* [What is needed]:
Set every line of the listing down again, keeping it identical.

* [Data below]:
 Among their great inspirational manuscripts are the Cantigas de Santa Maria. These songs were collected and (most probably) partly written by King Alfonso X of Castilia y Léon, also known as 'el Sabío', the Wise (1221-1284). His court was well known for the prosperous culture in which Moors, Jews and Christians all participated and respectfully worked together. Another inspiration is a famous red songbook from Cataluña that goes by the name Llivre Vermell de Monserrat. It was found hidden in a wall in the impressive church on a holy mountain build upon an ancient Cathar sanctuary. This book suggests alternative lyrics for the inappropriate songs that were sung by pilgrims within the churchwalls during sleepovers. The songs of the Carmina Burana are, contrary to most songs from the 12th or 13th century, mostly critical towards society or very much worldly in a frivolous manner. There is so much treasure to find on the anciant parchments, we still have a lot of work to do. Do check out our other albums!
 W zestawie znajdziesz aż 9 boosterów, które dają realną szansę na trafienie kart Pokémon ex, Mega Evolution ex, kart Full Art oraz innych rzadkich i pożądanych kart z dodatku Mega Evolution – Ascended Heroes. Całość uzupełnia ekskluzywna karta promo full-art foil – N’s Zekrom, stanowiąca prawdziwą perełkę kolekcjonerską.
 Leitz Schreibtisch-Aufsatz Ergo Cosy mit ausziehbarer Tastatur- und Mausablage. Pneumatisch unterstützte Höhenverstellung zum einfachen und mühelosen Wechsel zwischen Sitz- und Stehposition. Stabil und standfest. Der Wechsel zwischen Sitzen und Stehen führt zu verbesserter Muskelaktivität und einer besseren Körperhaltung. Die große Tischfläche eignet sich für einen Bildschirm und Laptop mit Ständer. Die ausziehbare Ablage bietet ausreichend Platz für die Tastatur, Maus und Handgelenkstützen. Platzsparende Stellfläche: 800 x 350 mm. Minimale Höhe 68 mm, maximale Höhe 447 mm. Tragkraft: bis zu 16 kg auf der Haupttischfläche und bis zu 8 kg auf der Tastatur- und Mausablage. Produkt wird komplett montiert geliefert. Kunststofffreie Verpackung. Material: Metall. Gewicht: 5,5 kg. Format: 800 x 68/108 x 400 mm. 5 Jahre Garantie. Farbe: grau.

* [Response box]:
 Among their great inspirational manuscripts are the Cantigas de Santa Maria. These songs were collected and (most probably) partly written by King Alfonso X of Castilia y Léon, also known as 'el Sabío', the Wise (1221-1284). His court was well known for the prosperous culture in which Moors, Jews and Christians all participated and respectfully worked together. Another inspiration is a famous red songbook from Cataluña that goes by the name Llivre Vermell de Monserrat. It was found hidden in a wall in the impressive church on a holy mountain build upon an ancient Cathar sanctuary. This book suggests alternative lyrics for the inappropriate songs that were sung by pilgrims within the churchwalls during sleepovers. The songs of the Carmina Burana are, contrary to most songs from the 12th or 13th century, mostly critical towards society or very much worldly in a frivolous manner. There is so much treasure to find on the anciant parchments, we still have a lot of work to do. Do check out our other albums!
 W zestawie znajdziesz aż 9 boosterów, które dają realną szansę na trafienie kart Pokémon ex, Mega Evolution ex, kart Full Art oraz innych rzadkich i pożądanych kart z dodatku Mega Evolution – Ascended Heroes. Całość uzupełnia ekskluzywna karta promo full-art foil – N’s Zekrom, stanowiąca prawdziwą perełkę kolekcjonerską.
 Leitz Schreibtisch-Aufsatz Ergo Cosy mit ausziehbarer Tastatur- und Mausablage. Pneumatisch unterstützte Höhenverstellung zum einfachen und mühelosen Wechsel zwischen Sitz- und Stehposition. Stabil und standfest. Der Wechsel zwischen Sitzen und Stehen führt zu verbesserter Muskelaktivität und einer besseren Körperhaltung. Die große Tischfläche eignet sich für einen Bildschirm und Laptop mit Ständer. Die ausziehbare Ablage bietet ausreichend Platz für die Tastatur, Maus und Handgelenkstützen. Platzsparende Stellfläche: 800 x 350 mm. Minimale Höhe 68 mm, maximale Höhe 447 mm. Tragkraft: bis zu 16 kg auf der Haupttischfläche und bis zu 8 kg auf der Tastatur- und Mausablage. Produkt wird komplett montiert geliefert. Kunststofffreie Verpackung. Material: Metall. Gewicht: 5,5 kg. Format: 800 x 68/108 x 400 mm. 5 Jahre Garantie. Farbe: grau.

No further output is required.